= Kodungallur Pottuvellari =

Snap melon variety from Kerala, India

Kodungallur Pottuvellari (കൊടുങ്ങല്ലൂർ പൊട്ടുവെള്ളരി), also called the Kodungallur snap melon, is a landrace of snap melon (Cucumis melo var. momordica) grown in and around Kodungallur in the Thrissur and Ernakulam districts of the Indian state of Kerala. The fruit is grown mainly for its juice, which is prepared by mashing the ripe pulp with jaggery. Its Malayalam name derives from pottu, meaning to crack, because the fruit splits open on its own when it ripens. In 2022 it was granted a geographical indication tag under the Geographical Indications of Goods (Registration and Protection) Act, 1999.

== Description ==
The plant is a monoecious annual vine of the gourd family that completes its crop cycle in about 75 to 80 days. The fruit is cylindrical and elongated, measuring roughly 30 to 45 cm in length and 32 to 43 cm in girth, and weighs between 1.5 and 3.0 kg. At the marketable stage the skin is creamy white to light yellow, slightly hairy with a white powdery bloom, and lacks the ribs, sutures and stripes seen in many other melons. The flesh is spongy and creamy white, which makes it different from other snap melon cultivars. The fruit is about 90 per cent water and gives off a sweet smell when it cracks at ripeness. It is also known locally as kakkari and palayilpilla.

== Cultivation ==
The melon is grown in the rice fallows of the coastal belt, mostly after the second paddy crop. Sowing is done around January, and the fruit is ready to harvest in about 45 days. Traditional cultivation is concentrated in Kodungallur and neighbouring parts of Thrissur, and it has since spread to areas such as Mala and Nedumbassery in Ernakulam district, where farmers have raised the crop on laterite soils using plastic mulching, drip irrigation and fertigation.
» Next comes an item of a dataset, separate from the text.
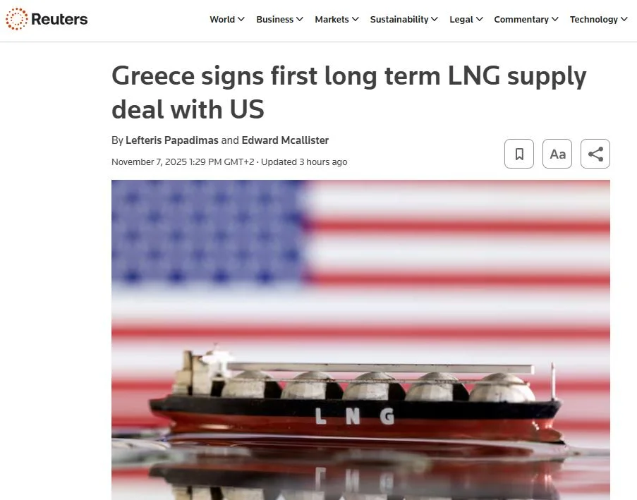 Σύμφωνα με το δημοσίευμα, η Ελλάδα υπέγραψε συμφωνία για την εισαγωγή 0,7 δισ. κυβικών μέτρων υγροποιημένου φυσικού αερίου (LNG) ετησίως από το 2030, σηματοδοτώντας την πρώτη μακροπρόθεσμη ενεργειακή συνεργασία της χώρας με τις ΗΠΑ.

A 2026 study of the crop's marketing surveya of farmers across the geographical indication area in Thrissur and Ernakulam and reported that short shelf life, price fluctuation and transport difficulties were among the main constraints faced by growers.

== Culinary use ==
The ripe fruit is used chiefly to make a summer drink, made by mashing the pulp with jaggery; variants blend it with coconut milk or cow's milk. The juice is sold from roadside stalls along the highway between Chavakkad and Kochi during the season. Tender fruits are occasionally eaten as a salad or cooked as a vegetable.

== Geographical indication ==
The application for geographical indication protection was filed on 19 April 2021 by the Kodungallur Pottuvellari Karshaka Kshema Vikasana Samithi and the Pottuvellari Ulppadaka Sangham, Alangad. The tag was registered under class 31 (agricultural goods), with the certificate issued on 30 November 2022. It was one of five Kerala farm products granted the tag in December 2022, the others being Attappady Attukombu Avara, Attappady Thuvara, Onattukara Ellu and Kanthalloor-Vattavada Veluthulli.